Assignment — In the listing that follows, the lines starting at the one containing "Террасная доска из дпк" and ending at the one containing "Promastigote cultures of" are to be returned exactly, both boundary lines included, and no others.

Records shown —
###
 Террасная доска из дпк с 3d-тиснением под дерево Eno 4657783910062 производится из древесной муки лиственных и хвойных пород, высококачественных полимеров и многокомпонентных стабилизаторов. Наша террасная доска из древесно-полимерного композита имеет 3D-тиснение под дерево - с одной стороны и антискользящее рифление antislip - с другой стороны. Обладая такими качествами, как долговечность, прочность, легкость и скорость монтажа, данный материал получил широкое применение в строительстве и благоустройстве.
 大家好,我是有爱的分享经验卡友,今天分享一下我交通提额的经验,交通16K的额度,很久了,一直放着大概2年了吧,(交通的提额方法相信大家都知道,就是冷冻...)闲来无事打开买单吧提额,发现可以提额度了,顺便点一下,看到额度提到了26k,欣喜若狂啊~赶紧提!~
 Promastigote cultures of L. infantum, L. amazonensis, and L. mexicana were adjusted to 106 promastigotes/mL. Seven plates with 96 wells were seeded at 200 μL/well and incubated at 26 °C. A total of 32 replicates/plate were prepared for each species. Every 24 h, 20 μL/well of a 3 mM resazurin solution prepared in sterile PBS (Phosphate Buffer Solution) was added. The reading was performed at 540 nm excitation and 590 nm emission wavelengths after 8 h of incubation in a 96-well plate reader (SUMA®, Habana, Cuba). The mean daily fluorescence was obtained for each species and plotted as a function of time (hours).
###
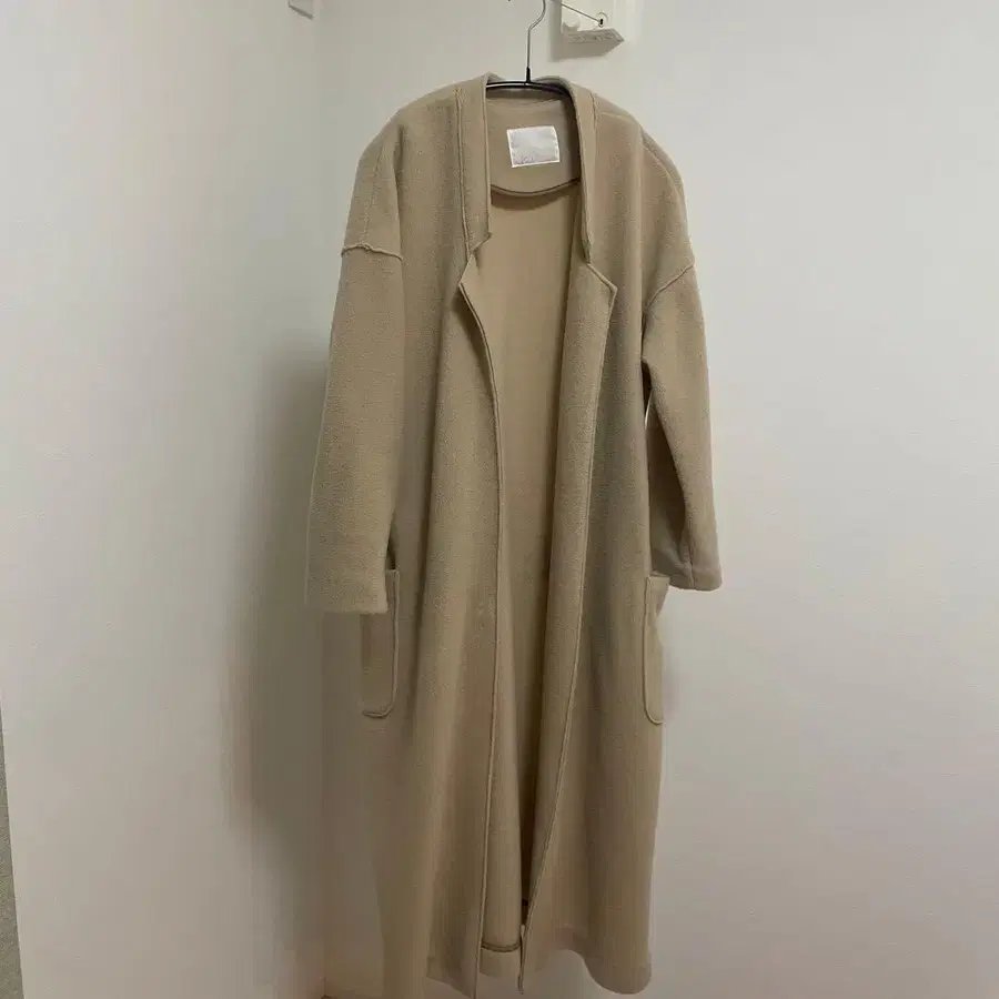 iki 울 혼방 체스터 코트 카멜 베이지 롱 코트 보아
###
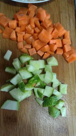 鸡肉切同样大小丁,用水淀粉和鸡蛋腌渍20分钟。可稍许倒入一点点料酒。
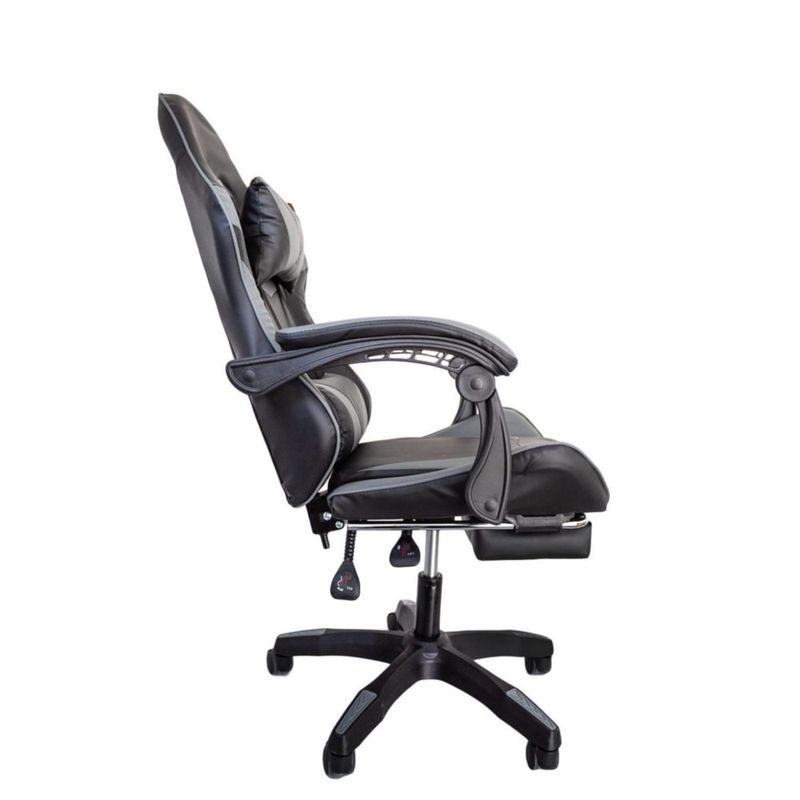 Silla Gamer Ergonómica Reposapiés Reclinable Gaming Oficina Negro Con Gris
###
Completed task —
 Террасная доска из дпк с 3d-тиснением под дерево Eno 4657783910062 производится из древесной муки лиственных и хвойных пород, высококачественных полимеров и многокомпонентных стабилизаторов. Наша террасная доска из древесно-полимерного композита имеет 3D-тиснение под дерево - с одной стороны и антискользящее рифление antislip - с другой стороны. Обладая такими качествами, как долговечность, прочность, легкость и скорость монтажа, данный материал получил широкое применение в строительстве и благоустройстве.
 大家好,我是有爱的分享经验卡友,今天分享一下我交通提额的经验,交通16K的额度,很久了,一直放着大概2年了吧,(交通的提额方法相信大家都知道,就是冷冻...)闲来无事打开买单吧提额,发现可以提额度了,顺便点一下,看到额度提到了26k,欣喜若狂啊~赶紧提!~
 Promastigote cultures of L. infantum, L. amazonensis, and L. mexicana were adjusted to 106 promastigotes/mL. Seven plates with 96 wells were seeded at 200 μL/well and incubated at 26 °C. A total of 32 replicates/plate were prepared for each species. Every 24 h, 20 μL/well of a 3 mM resazurin solution prepared in sterile PBS (Phosphate Buffer Solution) was added. The reading was performed at 540 nm excitation and 590 nm emission wavelengths after 8 h of incubation in a 96-well plate reader (SUMA®, Habana, Cuba). The mean daily fluorescence was obtained for each species and plotted as a function of time (hours).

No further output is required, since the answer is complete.